Re: [RFC PATCH] btrfs: don't call btrfs_sync_file from iomap context

From: Josef Bacik <josef@toxicpanda.com>
To: Dave Chinner <david@fromorbit.com>
Cc: Johannes Thumshirn <johannes.thumshirn@wdc.com>,
	David Sterba <dsterba@suse.com>,
	"linux-btrfs @ vger . kernel . org" <linux-btrfs@vger.kernel.org>,
	Filipe Manana <fdmanana@gmail.com>,
	Christoph Hellwig <hch@lst.de>,
	Linux FS Devel <linux-fsdevel@vger.kernel.org>
Subject: Re: [RFC PATCH] btrfs: don't call btrfs_sync_file from iomap context
Date: Tue, 1 Sep 2020 20:22:10 -0400	[thread overview]

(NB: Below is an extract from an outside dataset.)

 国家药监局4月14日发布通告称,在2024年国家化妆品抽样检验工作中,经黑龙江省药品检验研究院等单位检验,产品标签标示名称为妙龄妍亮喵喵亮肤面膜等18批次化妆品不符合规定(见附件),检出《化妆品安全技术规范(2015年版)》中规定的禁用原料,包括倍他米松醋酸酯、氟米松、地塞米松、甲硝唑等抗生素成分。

Message-ID: <d2ba3cc5-5648-2e4b-6ae4-2515b1365ce2@toxicpanda.com> (raw)
In-Reply-To: <20200901235830.GI12096@dread.disaster.area>

On 9/1/20 7:58 PM, Dave Chinner wrote:
> On Tue, Sep 01, 2020 at 06:19:17PM -0400, Josef Bacik wrote:
>> On 9/1/20 5:46 PM, Dave Chinner wrote:
>>> On Tue, Sep 01, 2020 at 11:11:58AM -0400, Josef Bacik wrote:
>>>> On 9/1/20 9:06 AM, Johannes Thumshirn wrote:
>>>>> This happens because iomap_dio_complete() calls into generic_write_sync()

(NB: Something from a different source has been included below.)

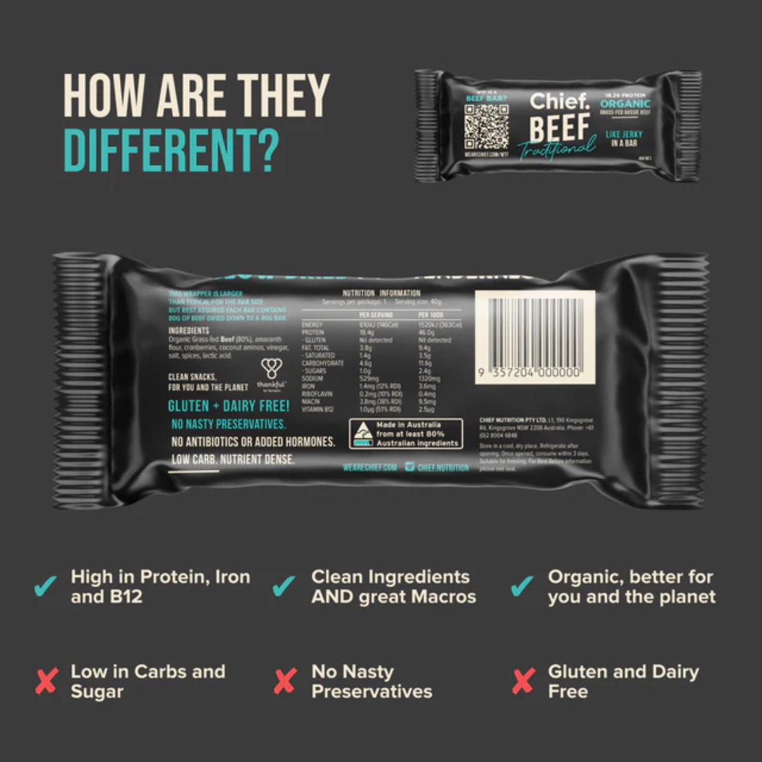 CHIEF Traditional Beef Protein Bar 40g - 12 Pack

>>>>> if we have the data-sync flag set. But as we're still under the
>>>>> inode_lock() from btrfs_file_write_iter() we will deadlock once
>>>>> btrfs_sync_file() tries to acquire the inode_lock().
>>>>>
>>>>> Calling into generic_write_sync() is not needed as __btrfs_direct_write()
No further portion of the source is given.